Records for the task:
════════════════
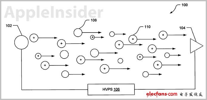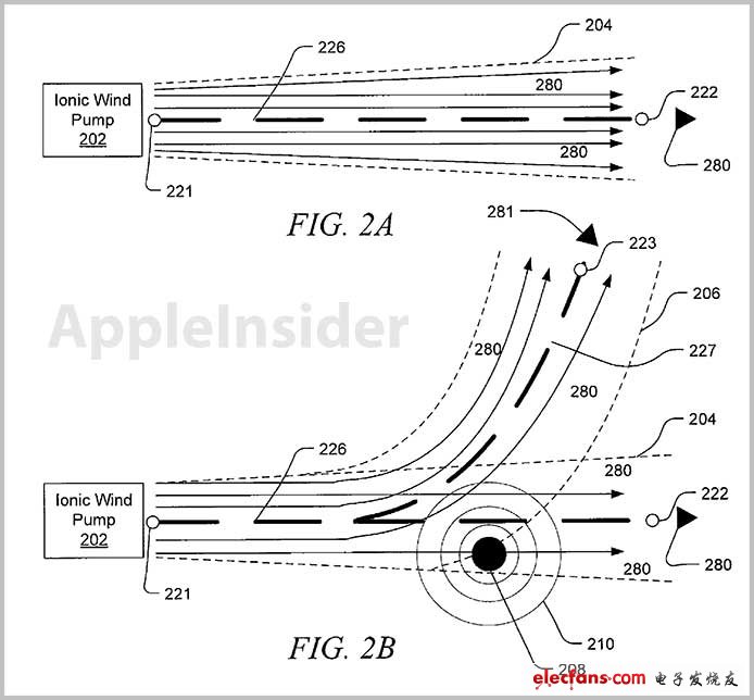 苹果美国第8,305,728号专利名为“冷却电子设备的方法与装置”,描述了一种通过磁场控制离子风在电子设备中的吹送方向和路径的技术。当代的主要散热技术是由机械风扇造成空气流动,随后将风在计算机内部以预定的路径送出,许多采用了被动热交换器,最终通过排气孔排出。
════════════════
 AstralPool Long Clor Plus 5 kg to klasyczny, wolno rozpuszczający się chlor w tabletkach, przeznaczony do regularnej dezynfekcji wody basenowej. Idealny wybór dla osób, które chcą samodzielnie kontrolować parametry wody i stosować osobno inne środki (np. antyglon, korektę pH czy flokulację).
════════════════
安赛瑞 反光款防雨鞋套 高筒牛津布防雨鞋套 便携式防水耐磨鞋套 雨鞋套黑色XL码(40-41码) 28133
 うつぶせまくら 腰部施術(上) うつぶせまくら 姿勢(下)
════════════════
Action item:
After locating the line with "安赛瑞 反光款防雨鞋套 高筒牛津布防雨鞋套" above, return that line and every later line through the one with "うつぶせまくら 腰部施術(上) うつぶせまくら 姿勢(下)", word for word and with nothing else.

Response to this task:
安赛瑞 反光款防雨鞋套 高筒牛津布防雨鞋套 便携式防水耐磨鞋套 雨鞋套黑色XL码(40-41码) 28133
 うつぶせまくら 腰部施術(上) うつぶせまくら 姿勢(下)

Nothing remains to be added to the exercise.